FIG. 3: and (3) PCR test results of the resistant colonies obtained by the CA-2 system. 1. Lane 2 is the PCR positive control with recombinant Agrobacterium and K7 plasmid as template. Lanes 3-6 show the PCR assay results of four randomly selected zeocin-resistant Crypthecodinium cohnii colonies. The dashed box indicates that the recombinant Crypthecodinium cohnii colony obtained a PCR detection band consistent with the positive control, and M is DL5000 nucleic acid marker of Takara.

FIG. 4: and optimizing the PCR detection result of the resistant colony obtained in the experiment. The M lane is Takara 1kb DNAladder, 1-12 randomly selected zeocin-resistant Crypthecodinium cohnii colonies. 8. Lanes 9 and 11 show PCR products with no specificity, which are negative samples for PCR detection.

FIG. 5: influence of the Crypthecodinium cohnii culture end-point stage on Agrobacterium-mediated transformation efficiency. The result shows that the Crypthecodinium cohnii cultured has better transformation effect to the initial logarithmic phase than to the final logarithmic phase.

FIG. 6: effect of sodium chloride concentration in IMN solution on conversion efficiency. 51mM is the concentration of Na ions in the normal IM induction liquid, and 200-700mM are optional Na ion concentration conditions.

FIG. 7A: at the same concentration (350mM), the efficiency of Agrobacterium transformation was compared to that of sodium chloride after treatment of Crypthecodinium cohnii with IMN solutions prepared from organic solvents, sugars (represented by glucose) and alcohols (represented by sorbitol).

FIG. 7B: 350mM cation concentration and IMN solution prepared by different inorganic salts are used for processing Crypthecodinium cohnii, and then an agrobacterium transformation efficiency chart is obtained.

FIG. 8: comparison of the conversion efficiencies of Crypthecodinium cohnii ATCC40750 with Crypthecodinium cohnii ATCC30772 under the conditions of the present invention.

Detailed Description

Unless otherwise specified, various starting materials of the present invention are commercially available; or prepared according to conventional methods in the art. Unless defined or stated otherwise, all technical and scientific terms used herein have the same meaning as commonly understood by one of ordinary skill in the art to which this invention belongs. In addition, any methods and materials similar or equivalent to those described herein can be used in the methods of the present invention.

Other aspects of the invention will be apparent to those skilled in the art in view of the disclosure herein.

The invention will be further illustrated with reference to the following specific examples. It should be understood that these examples are for illustrative purposes only and are not intended to limit the scope of the present invention. The experimental methods of the following examples, which are not specified under specific conditions, are generally determined according to national standards. If there is no corresponding national standard, it is carried out according to the usual international standards, to the conventional conditions or to the conditions recommended by the manufacturer. Unless otherwise indicated, all parts are parts by weight and all percentages are percentages by weight.

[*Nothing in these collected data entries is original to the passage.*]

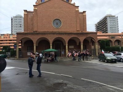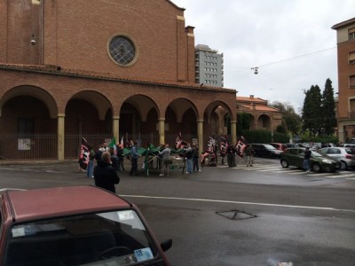 Bologna, 5 apr. – Forza Nuova ha tenuto questo pomeriggio un presidio in via del Borgo di San Pietro, davanti alla chiesa della Beata Vergine del Soccorso. Piazza interdetta al traffico veicolare e ciclabile, deviazione dei bus proveniente dalla e diretti in autostazione, controlli agli accessi della piazza e persone costrette ad aggirare la zona. Questo il frutto del “Presidio contro il Degrado” annunciato dal partito di estrema destra.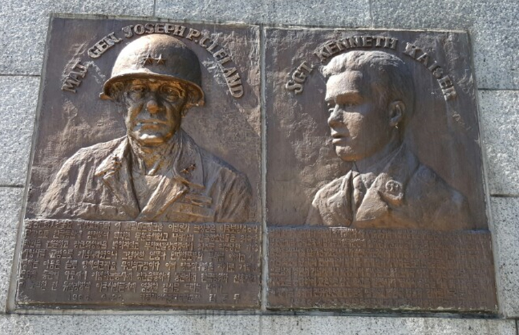 학교 정문엔 클리블랜드 장군 동상이 세워져 있고, 미군 기념관엔 1952년 모금 사진·병사 편지 원본 보존됐다.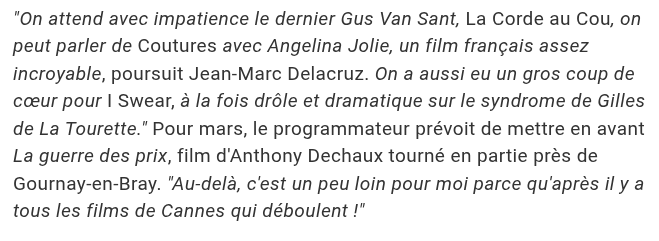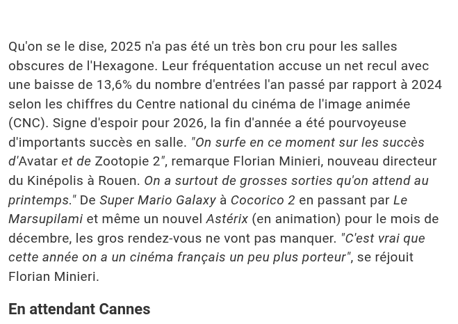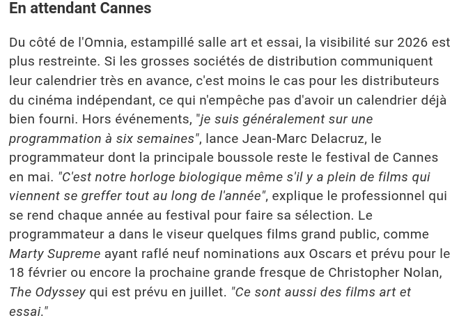 Preuve de l’immobilisme du système : Jean-Marc Delacruz est toujours en poste à l’Omnia République à ce jour. Pour confirmer son influence centrale sur la programmation de la salle, voici l’article de Tendance Ouest (et non Ouest-France) publié le 28 janvier 2026 : https://www.tendanceouest.com/actualite-435854-rouen-cinema-quels-films-attendus-en-2026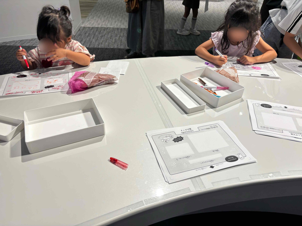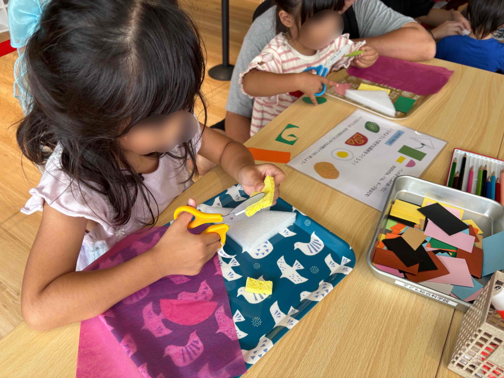 中でも、無料で参加できるワークショップでは、のりやはさみを使ってサンドイッチを作ったのがとても楽しかったようで家でも何度も遊んでいます。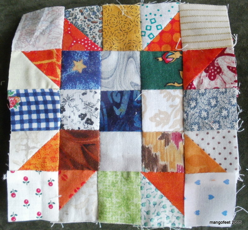 Looks like you're off to a good start, even if your supply of orange scraps seems low. Sounds like a good excuse for fabric acquisition!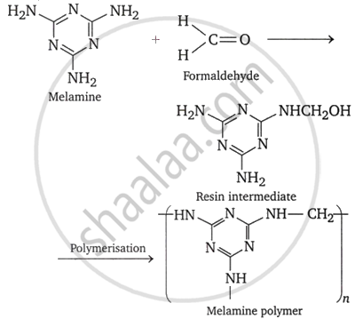 Melamine-formaldehyde resin is used for making unbreakable crockery. It is prepared by the copolymerisation of melamine (2, 4, 6-triamino-1, 3, 5-triazine) and formaldehyde as shown below.
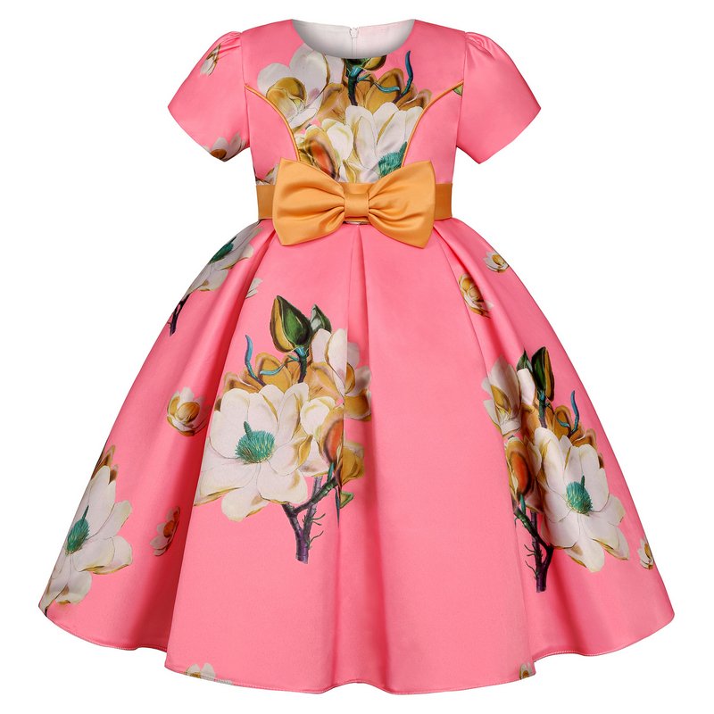 Children Kids Baby Fashion Girls Short Sleeve Retro Flower Print Bow Princess Festival Party Dress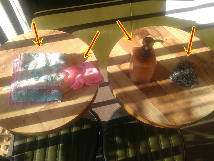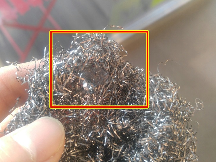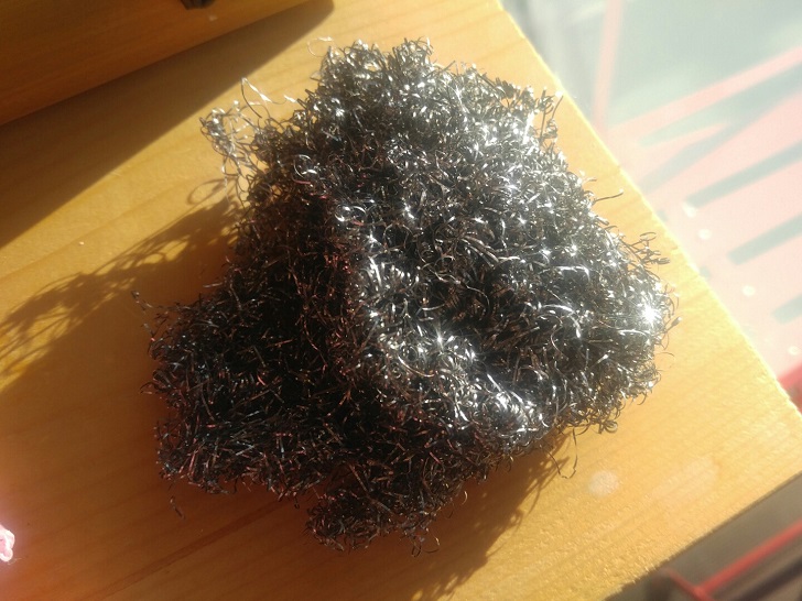 먼저 철 수세미에 세제를 뭍혀 주세요. 약간 물에 적신 후에 세제를 뭍히는게 효과적 입니다.

Unless defined or stated otherwise, all technical and scientific terms used herein have the same meaning as commonly understood by one of ordinary skill in the art to which this invention belongs. In addition, any methods and materials similar or equivalent to those described herein can be used in the methods of the present invention.

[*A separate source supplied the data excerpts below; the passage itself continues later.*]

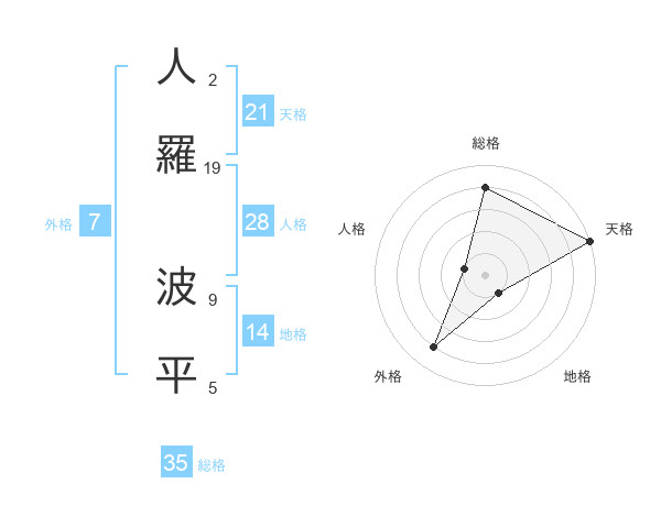 人羅 波平さんの天格は21画の5点!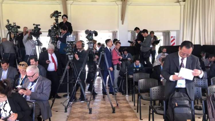 △两国元首在会谈后共见记者,记者现场等候。(央视记者彭汉明拍摄)
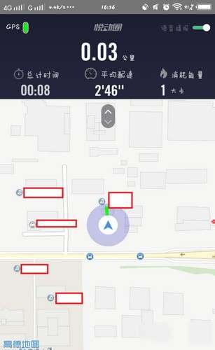 3、绿色图标显示您的位置(我在公园跑步时GPS信号较弱)。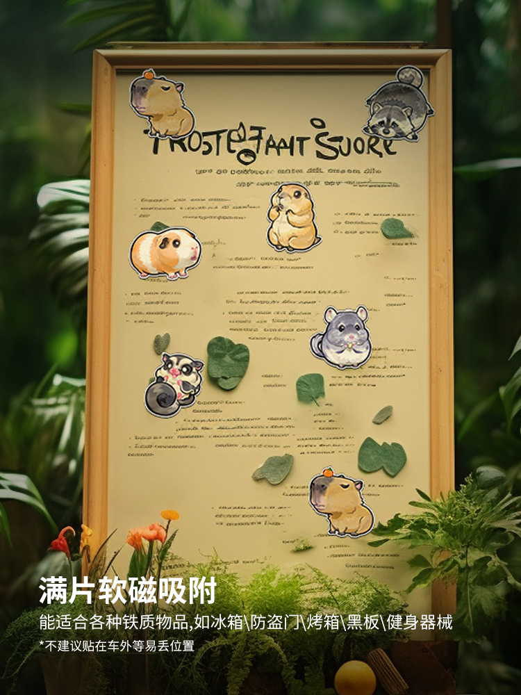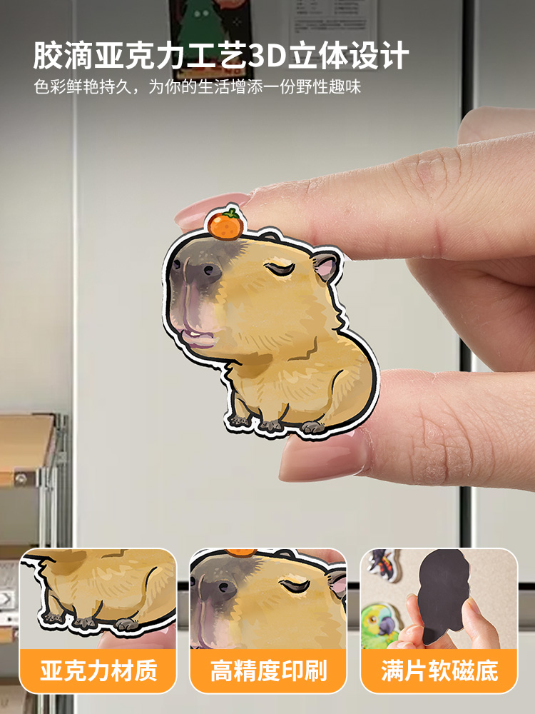 材质:正面亚克力,背部磁吸胶贴(硬冰箱贴)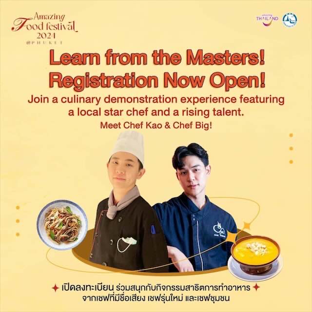 นอกจากนี้ยังมีกิจกรรมการสาธิตการสอนทำอาหาร โดยเชฟบิ๊ก-ภูริพรรษ ใจวีระวัฒนากุล ผู้ชนะจากรายการ Stars Chef Thailand เชฟเก้า-วาโย นิสัชชนาการ Head of Cold kitchen Hilton Bangkok grand Asoke และเชฟจากชุมชนวิสาหกิจชุมชนบางโรง และชุมชนบ้านบางเทา-เชิงทะเล พร้อมเชิญชวนนักท่องเที่ยวที่มาร่วมงาน เข้าร่วมกิจกรรม One Day Trip ที่ชุมชนบ้านบางโรง จังหวัดภูเก็ต เพื่อทำกิจกรรมในชุมชนและเรียนรู้ต้นกำเนิดแห่งวัตถุดิบด้านอาหารของจังหวัดภูเก็ต สามารถลงทะเบียนได้ที่ Facebook Page: Amazing Food Festival 2024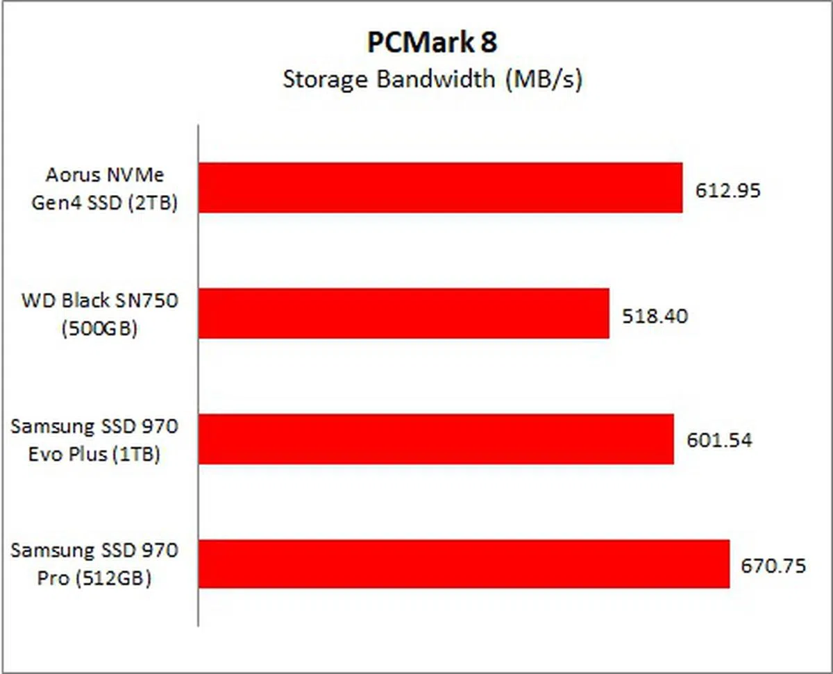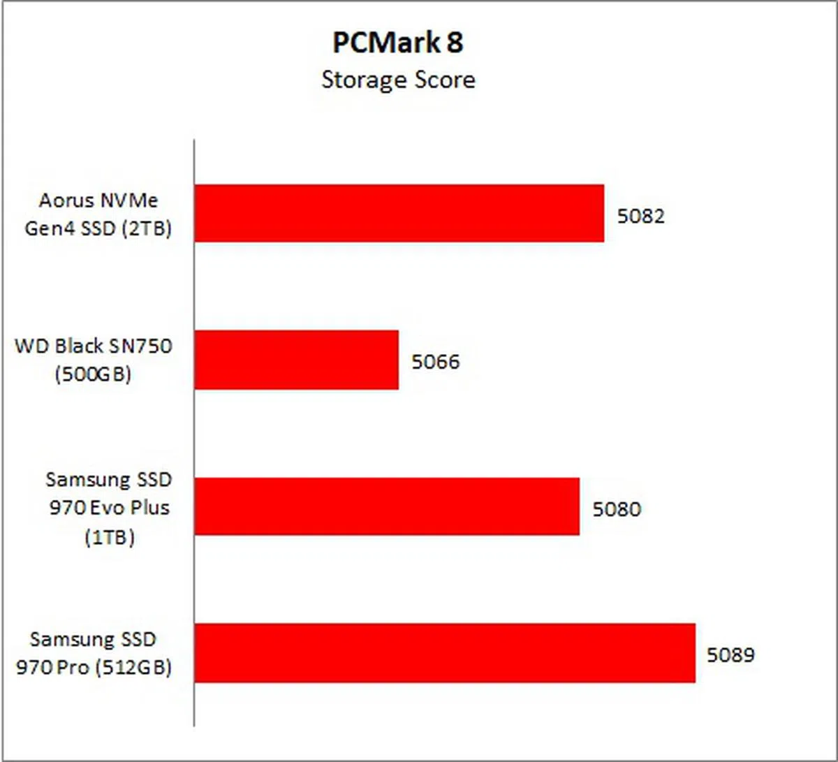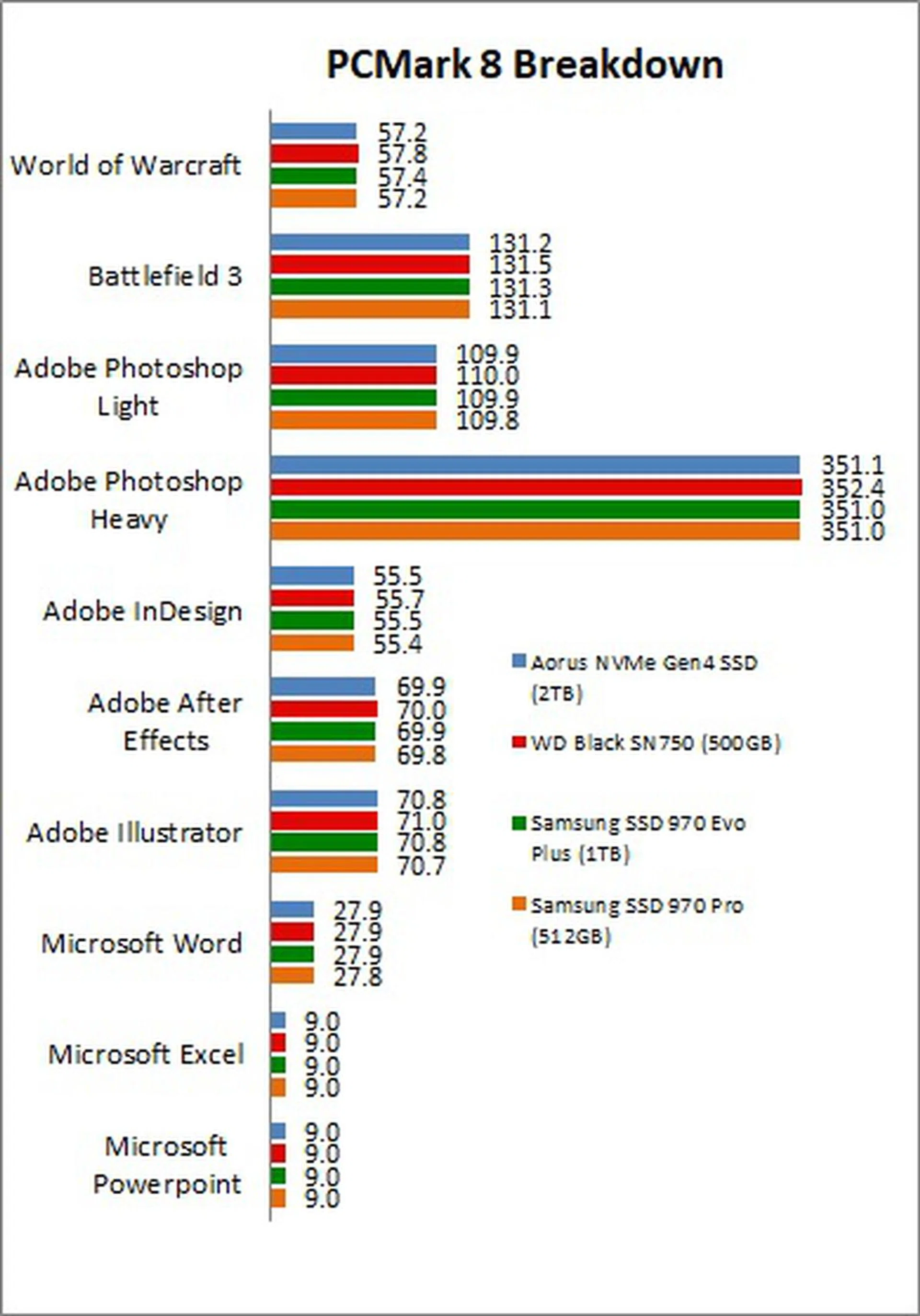In terms of gauging its real-world operations from the PCMark 8 benchmarks, there isn't a clear advantage for SSDs that support for PCIe 4.0 as the PCIe 3.0-based drives were evenly matched with the Aorus drive when it came down to Office productivity scores.

As used herein, "comprising," having, "or" including "includes" comprising, "" consisting essentially of, "and" consisting of,. once; "consists essentially of," and "consists of" belong to the subordinate concepts of "containing," having, "or" including.

The features mentioned with reference to the invention or the features mentioned with reference to the embodiments can be combined. All the features disclosed in this specification may be combined in any combination, and each feature disclosed in this specification may be replaced by alternative features serving the same, equivalent or similar purpose. Thus, unless expressly stated otherwise, the features disclosed are merely generic examples of equivalent or similar features.

Crypthecodinium cohnii (Crypthecodinium cohnii) that can be transformed using the methods of the invention include, but are not limited to: ATCC40750, TEX L1649, ATCC30556, ATCC50051, UTEX L1649, RJH, ATCC30772, CCMP316, ATCC50297, ATCC30556 and the like.

The Agrobacterium that can be used in the method of the present invention can be any of a variety of Agrobacterium used for gene transformation known in the art, including but not limited to Agrobacterium tumefaciens (Agrobacterium tumefaciens) EHA105, EHA101, LBA4404, AGL-0, AGL-1, NT1, C58-Z707, GV3101:: pMP90, etc.

In the method of the invention, agrobacterium is used to transform the complete crypthecodinium cohnii cells. "intact Crypthecodinium cohnii cell" refers to a cell with intact structure, including cell wall, cell membrane, etc. More specifically, intact crypthecodinium cohnii cells are not crypthecodinium cohnii protoplasts that have been treated to be free of cell walls.

In the present invention, the Agrobacterium contains a target gene of interest. The target gene may be any deoxyribonucleic acid. The target gene may be foreign with respect to the crypthecodinium cohnii to be transformed, i.e. the crypthecodinium cohnii itself is not present; or may be endogenous, i.e.nucleic acids which correspond to the genetic information of Crypthecodinium cohnii itself. The target gene includes but is not limited to nucleic acids having biological activity, such as protein-encoding genes, nucleic acids for regulating gene transcription, and the like; and nucleic acids that are not biologically active, such as nucleic acid fragments that are used for gene integration, knock-outs. In certain embodiments, the target gene encodes an enzyme of interest and various functional proteins.

In the present invention, the medium used in the co-cultivation may include, but is not limited to, Agrobacterium transformation induction medium.

Crypthecodinium cohnii may be cultured using conventional conditions, such as culturing time, inoculum size, temperature, etc., preferably, crypthecodinium cohnii is pre-cultured to early log phase.

Conventional conditions can be used to culture Agrobacterium to log phase. The foreign gene can be transferred into Agrobacterium using methods known in the art, for example, including but not limited to heat shock method, electric shock transformation method, etc.

The pre-cultured crypthecodinium cohnii cells and agrobacterium may be washed, resuspended, etc. separately using a medium containing an osmolality adjusting agent. Specifically, it can be washed with a medium containing an osmolyte and then resuspended with a medium containing an osmolyte. The volume after resuspension is generally determined by the amount of inoculum used for collection, and is generally about 1/20 times the volume of the original inoculum. Can be washed with a medium containing an osmotic pressure regulator and then resuspended in a range of 0.8-1.2X 10¹⁰One/ml (resuspended to 1.5-2.5 ml). Equal volumes of the two suspensions are typically taken and mixed. But may also take different volumesThe two suspensions were mixed well.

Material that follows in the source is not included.